__Exercise brief__
Every record should be written out again in full, with no character altered.

Saved entries
#####

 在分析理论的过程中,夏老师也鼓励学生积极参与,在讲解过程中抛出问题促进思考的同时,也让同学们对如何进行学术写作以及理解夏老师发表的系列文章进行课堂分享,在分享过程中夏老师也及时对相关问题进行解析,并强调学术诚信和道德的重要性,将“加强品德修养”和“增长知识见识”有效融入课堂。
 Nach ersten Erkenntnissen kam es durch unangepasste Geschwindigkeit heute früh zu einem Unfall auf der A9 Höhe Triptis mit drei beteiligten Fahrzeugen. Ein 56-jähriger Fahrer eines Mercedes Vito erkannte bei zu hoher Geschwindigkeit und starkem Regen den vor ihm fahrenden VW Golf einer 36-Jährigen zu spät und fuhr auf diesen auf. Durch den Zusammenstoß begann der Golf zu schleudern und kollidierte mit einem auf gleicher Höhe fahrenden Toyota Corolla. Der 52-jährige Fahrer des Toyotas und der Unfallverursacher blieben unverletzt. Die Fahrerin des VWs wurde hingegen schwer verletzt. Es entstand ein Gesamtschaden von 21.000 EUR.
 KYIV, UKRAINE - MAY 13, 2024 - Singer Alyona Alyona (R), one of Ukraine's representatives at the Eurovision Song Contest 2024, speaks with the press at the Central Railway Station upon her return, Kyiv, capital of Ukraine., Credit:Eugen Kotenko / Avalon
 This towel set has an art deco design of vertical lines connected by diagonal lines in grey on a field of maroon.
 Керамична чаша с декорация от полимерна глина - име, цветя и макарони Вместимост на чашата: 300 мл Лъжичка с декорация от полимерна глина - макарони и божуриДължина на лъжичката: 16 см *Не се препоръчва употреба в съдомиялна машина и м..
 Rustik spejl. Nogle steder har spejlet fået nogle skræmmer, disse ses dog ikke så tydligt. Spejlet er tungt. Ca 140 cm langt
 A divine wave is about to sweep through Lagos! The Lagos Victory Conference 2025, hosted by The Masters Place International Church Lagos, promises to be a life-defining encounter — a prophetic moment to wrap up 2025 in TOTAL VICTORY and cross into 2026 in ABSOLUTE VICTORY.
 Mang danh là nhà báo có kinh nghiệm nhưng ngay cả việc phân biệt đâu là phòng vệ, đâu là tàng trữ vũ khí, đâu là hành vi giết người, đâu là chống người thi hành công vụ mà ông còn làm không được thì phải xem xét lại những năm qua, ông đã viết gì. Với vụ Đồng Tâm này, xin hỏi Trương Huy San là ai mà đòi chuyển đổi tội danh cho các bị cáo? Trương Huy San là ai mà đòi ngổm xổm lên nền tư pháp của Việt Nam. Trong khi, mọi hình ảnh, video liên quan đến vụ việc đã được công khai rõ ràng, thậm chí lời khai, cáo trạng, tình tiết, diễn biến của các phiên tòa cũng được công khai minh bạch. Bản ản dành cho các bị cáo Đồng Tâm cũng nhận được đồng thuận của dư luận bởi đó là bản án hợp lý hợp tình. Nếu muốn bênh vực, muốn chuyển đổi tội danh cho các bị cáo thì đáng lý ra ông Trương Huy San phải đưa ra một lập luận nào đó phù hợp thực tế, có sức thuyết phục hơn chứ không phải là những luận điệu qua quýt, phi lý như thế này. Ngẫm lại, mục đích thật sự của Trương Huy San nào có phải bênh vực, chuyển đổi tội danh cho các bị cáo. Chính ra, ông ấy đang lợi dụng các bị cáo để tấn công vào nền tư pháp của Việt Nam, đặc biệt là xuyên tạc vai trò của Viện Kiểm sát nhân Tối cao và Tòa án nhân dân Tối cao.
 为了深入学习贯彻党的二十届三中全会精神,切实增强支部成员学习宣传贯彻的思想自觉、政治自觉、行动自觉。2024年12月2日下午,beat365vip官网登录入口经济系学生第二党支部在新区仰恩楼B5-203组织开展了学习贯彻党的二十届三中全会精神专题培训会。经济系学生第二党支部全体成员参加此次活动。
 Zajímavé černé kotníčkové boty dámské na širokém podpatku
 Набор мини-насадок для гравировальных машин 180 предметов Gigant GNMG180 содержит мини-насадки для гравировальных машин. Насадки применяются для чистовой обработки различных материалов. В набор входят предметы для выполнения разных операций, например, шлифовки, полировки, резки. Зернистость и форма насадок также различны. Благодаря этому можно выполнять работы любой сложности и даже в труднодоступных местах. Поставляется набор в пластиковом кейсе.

#####

__Exercise solution__
 在分析理论的过程中,夏老师也鼓励学生积极参与,在讲解过程中抛出问题促进思考的同时,也让同学们对如何进行学术写作以及理解夏老师发表的系列文章进行课堂分享,在分享过程中夏老师也及时对相关问题进行解析,并强调学术诚信和道德的重要性,将“加强品德修养”和“增长知识见识”有效融入课堂。
 Nach ersten Erkenntnissen kam es durch unangepasste Geschwindigkeit heute früh zu einem Unfall auf der A9 Höhe Triptis mit drei beteiligten Fahrzeugen. Ein 56-jähriger Fahrer eines Mercedes Vito erkannte bei zu hoher Geschwindigkeit und starkem Regen den vor ihm fahrenden VW Golf einer 36-Jährigen zu spät und fuhr auf diesen auf. Durch den Zusammenstoß begann der Golf zu schleudern und kollidierte mit einem auf gleicher Höhe fahrenden Toyota Corolla. Der 52-jährige Fahrer des Toyotas und der Unfallverursacher blieben unverletzt. Die Fahrerin des VWs wurde hingegen schwer verletzt. Es entstand ein Gesamtschaden von 21.000 EUR.
 KYIV, UKRAINE - MAY 13, 2024 - Singer Alyona Alyona (R), one of Ukraine's representatives at the Eurovision Song Contest 2024, speaks with the press at the Central Railway Station upon her return, Kyiv, capital of Ukraine., Credit:Eugen Kotenko / Avalon
 This towel set has an art deco design of vertical lines connected by diagonal lines in grey on a field of maroon.
 Керамична чаша с декорация от полимерна глина - име, цветя и макарони Вместимост на чашата: 300 мл Лъжичка с декорация от полимерна глина - макарони и божуриДължина на лъжичката: 16 см *Не се препоръчва употреба в съдомиялна машина и м..
 Rustik spejl. Nogle steder har spejlet fået nogle skræmmer, disse ses dog ikke så tydligt. Spejlet er tungt. Ca 140 cm langt
 A divine wave is about to sweep through Lagos! The Lagos Victory Conference 2025, hosted by The Masters Place International Church Lagos, promises to be a life-defining encounter — a prophetic moment to wrap up 2025 in TOTAL VICTORY and cross into 2026 in ABSOLUTE VICTORY.
 Mang danh là nhà báo có kinh nghiệm nhưng ngay cả việc phân biệt đâu là phòng vệ, đâu là tàng trữ vũ khí, đâu là hành vi giết người, đâu là chống người thi hành công vụ mà ông còn làm không được thì phải xem xét lại những năm qua, ông đã viết gì. Với vụ Đồng Tâm này, xin hỏi Trương Huy San là ai mà đòi chuyển đổi tội danh cho các bị cáo? Trương Huy San là ai mà đòi ngổm xổm lên nền tư pháp của Việt Nam. Trong khi, mọi hình ảnh, video liên quan đến vụ việc đã được công khai rõ ràng, thậm chí lời khai, cáo trạng, tình tiết, diễn biến của các phiên tòa cũng được công khai minh bạch. Bản ản dành cho các bị cáo Đồng Tâm cũng nhận được đồng thuận của dư luận bởi đó là bản án hợp lý hợp tình. Nếu muốn bênh vực, muốn chuyển đổi tội danh cho các bị cáo thì đáng lý ra ông Trương Huy San phải đưa ra một lập luận nào đó phù hợp thực tế, có sức thuyết phục hơn chứ không phải là những luận điệu qua quýt, phi lý như thế này. Ngẫm lại, mục đích thật sự của Trương Huy San nào có phải bênh vực, chuyển đổi tội danh cho các bị cáo. Chính ra, ông ấy đang lợi dụng các bị cáo để tấn công vào nền tư pháp của Việt Nam, đặc biệt là xuyên tạc vai trò của Viện Kiểm sát nhân Tối cao và Tòa án nhân dân Tối cao.
 为了深入学习贯彻党的二十届三中全会精神,切实增强支部成员学习宣传贯彻的思想自觉、政治自觉、行动自觉。2024年12月2日下午,beat365vip官网登录入口经济系学生第二党支部在新区仰恩楼B5-203组织开展了学习贯彻党的二十届三中全会精神专题培训会。经济系学生第二党支部全体成员参加此次活动。
 Zajímavé černé kotníčkové boty dámské na širokém podpatku
 Набор мини-насадок для гравировальных машин 180 предметов Gigant GNMG180 содержит мини-насадки для гравировальных машин. Насадки применяются для чистовой обработки различных материалов. В набор входят предметы для выполнения разных операций, например, шлифовки, полировки, резки. Зернистость и форма насадок также различны. Благодаря этому можно выполнять работы любой сложности и даже в труднодоступных местах. Поставляется набор в пластиковом кейсе.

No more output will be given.